Brown: Oh, Rodney! Did that happen to you?

Brown: You are thinking the worst case scenario.
Rodney: Hello, this is what I do! Someone needs to think ahead to the worst possible outcome to any situation, in order to properly defend against it. Now, you can call me a catastrophist, but it's a necessary burden I bear.
Brown: A mindset like that and a person would live in a constant state of worry and fear.
Rodney: You forgot despair.
Rodney: Over the last year and a half I've become aware that I have certain - I hesitate to use the word flaws - shortcomings. For example, on occasion, I can be negative and demanding and a tad arrogant, but I'm also finding that just being aware of your... shortcomings, is just the first minute step on the road to betterment, and that the real trick seems to be to actually do something about it.

4x16 – Trio

Rodney: Are you talking about Neil deGrasse Tyson? He once stole an idea from me. Did I tell you that story?
Carter: Only about a dozen times, McKay.

Rodney: Maybe you should show 'em your...
Carter: Excuse me?!
Rodney: Hey, I was once a ten year old boy too. I know what gets their attention.
Carter: McKay!
Rodney: What? D'you wanna get out of here or not?
Carter: I think we can reason with them without resorting to that, thank you.
Rodney: If you say so.

Rodney: Okay, well, the grappling hook didn't work because the hook wouldn't hold our weight in the soil. The crates didn't work because Sam was too heavy. Ah, oh... We, we all would have been. I mean, our weight in general. Nothing to do with you. Uh, just, I mean... You're in very good shape. Seriously, you have like the perfect body. (Keller looks at strangely) Oh, not that you don't. Oh, no, no. I realize that your bodies are different and, and, and, ah, ah, maybe, that, that would mean that I think that your body is imperfect. But that is not the case. No, no, no, far, far, far from it. That, that is a uh, sweet... ah. Which is to say, I mean it would be impossible for me to chose which of you...

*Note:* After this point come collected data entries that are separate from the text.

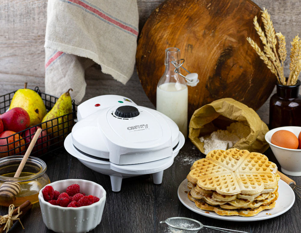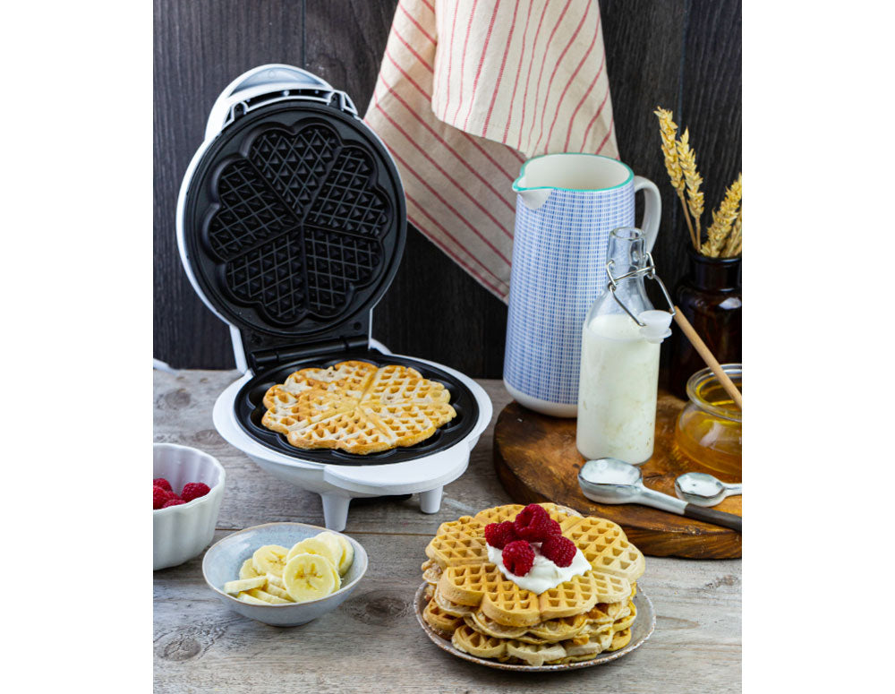 Aparat de vafe cu o putere de 1000 W, echipat cu termostat. Este perfect pentru prepararea de vafe crocante. Pregătește 5 vafe în formă de inimă simultan. Este echipat cu plăci acoperite, ceea ce face curățarea foarte ușoară. De asemenea, este foarte ușor de transportat datorită spațiului de depozitare a cablului și a posibilității de a sta în poziție verticală.
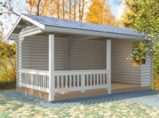 Пол застелен террасной доской из лиственницы. Навес крыт мягкой черепицей Shinglas, цвет которой вы можете выбрать сами. Летняя беседка ограждена парапетом с пересекающимися или вертикальными ламелями. Погонаж и крепеж входят в стоимость базовой комплектации. Площадь беседки – почти 25 кв.м.
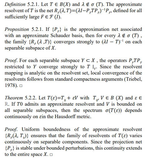 3. Operator and Spectral Stability: ensuring continuity of spectra and boundedness of operators under approximate compactness.
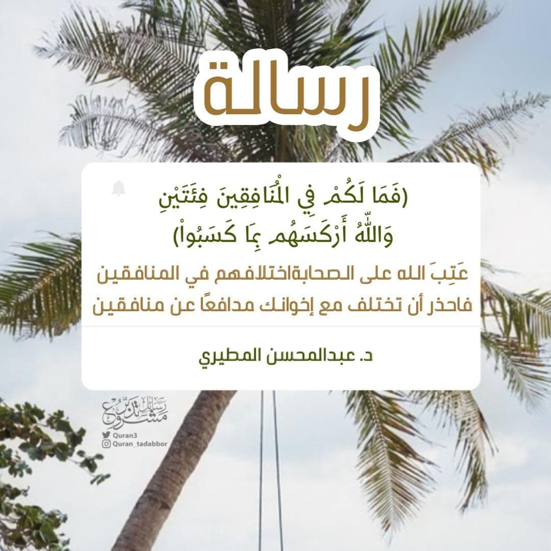 (فَمَا لَكُمْ فِي الْمُنَافِقِينَ فِئَتَيْنِ
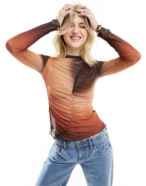 Mango – Oberteil in Braun mit Netzstoff-Detail
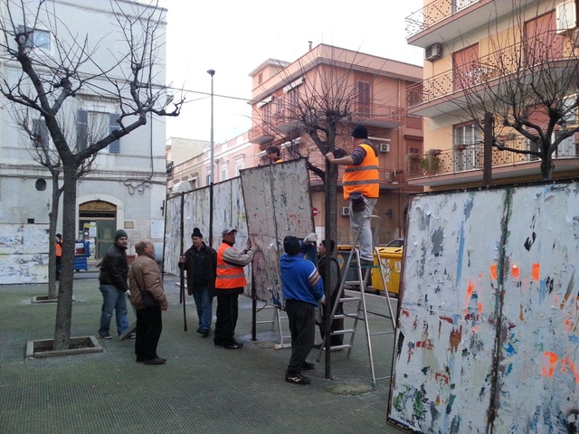 Come disposto per legge, oggi, ad un mese esatto dal voto del 24 e 25 febbraio, si stanno installando in città i pannelli per la propaganda elettorale di partiti e candidati alle elezioni politiche. Il servizio elettorale ha, nei giorni scorsi, bandito una gara d’appalto fra le cooperative sociali di Trani, all’esito della quale si sta procedendo al montaggio delle strutture. Le foto si riferiscono alle operazioni in corso in via Giustina Rocca.

Keller: Whoa, whoa, whoa. Wait, wait. Don't pull me up!
Rodney: What?! Why?
Keller: I see light!
Rodney: No, no, no, no, no! Don't go toward the light! You want to stay in the land of the living!

4x18 - The Kindred, Part I

Rodney: Hey, I've been cocooned inside an alien space craft, I've had another person living inside me, I've encountered not one but two different versions of myself, so who am I to judge? If you say it was a vision then I believe it was a vision.

4x20 – The Last Man

Sheppard: The city has solar-powered generators, right?
Rodney: Yes, which would come in very handy if we were trying to power a couple of electric golf carts.

Rodney: There's not enough power for you to gate back to Earth, and without a MALP, going anywhere else would be far too risky. It is entirely possible that you are the last human being alive.
Sheppard: You're not doing a very good job of cheering me up here.
Rodney: Oh, consider yourself lucky, young man.

Rodney: The sand has penetrated the lower levels.
Sheppard: 48,000 years into the future, you've still got a knack for stating the obvious. All right, what do we do?
Rodney: I don't know.
Sheppard: What do you mean, you don't know?
Rodney: Well, I wasn't programmed for this variable!
Sheppard: You said you had twenty five years to work on this plan!
Rodney: Well, McKay did, and he brilliantly anticipated a lot of potential problems! It's just that, well, this wasn't one of them.

Rodney: Look, I know you have been debriefed about all the future events, all the things we have to avoid, but there is one more thing I need to know - do I still have hair?